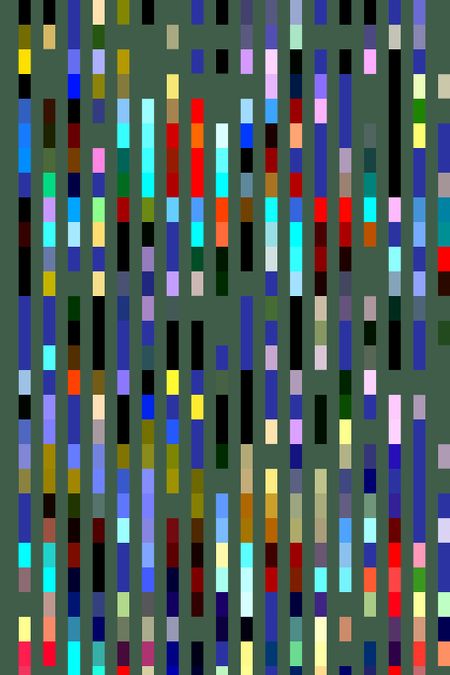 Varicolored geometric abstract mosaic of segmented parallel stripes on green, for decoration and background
--
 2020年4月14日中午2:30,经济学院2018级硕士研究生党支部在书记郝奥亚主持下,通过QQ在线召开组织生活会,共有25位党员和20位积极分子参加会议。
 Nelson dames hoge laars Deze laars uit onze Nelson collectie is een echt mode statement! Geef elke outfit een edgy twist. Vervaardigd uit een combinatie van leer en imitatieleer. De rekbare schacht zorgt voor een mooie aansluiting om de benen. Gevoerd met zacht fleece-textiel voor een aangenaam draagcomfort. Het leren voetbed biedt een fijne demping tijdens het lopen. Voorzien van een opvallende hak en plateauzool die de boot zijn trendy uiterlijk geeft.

## [The problem]
Proceeding from the line containing "2020年4月14日中午2:30,经济学" through the line containing "Nelson dames hoge", transcribe the lines above exactly, both end lines included.

## [Task output]
 2020年4月14日中午2:30,经济学院2018级硕士研究生党支部在书记郝奥亚主持下,通过QQ在线召开组织生活会,共有25位党员和20位积极分子参加会议。
 Nelson dames hoge laars Deze laars uit onze Nelson collectie is een echt mode statement! Geef elke outfit een edgy twist. Vervaardigd uit een combinatie van leer en imitatieleer. De rekbare schacht zorgt voor een mooie aansluiting om de benen. Gevoerd met zacht fleece-textiel voor een aangenaam draagcomfort. Het leren voetbed biedt een fijne demping tijdens het lopen. Voorzien van een opvallende hak en plateauzool die de boot zijn trendy uiterlijk geeft.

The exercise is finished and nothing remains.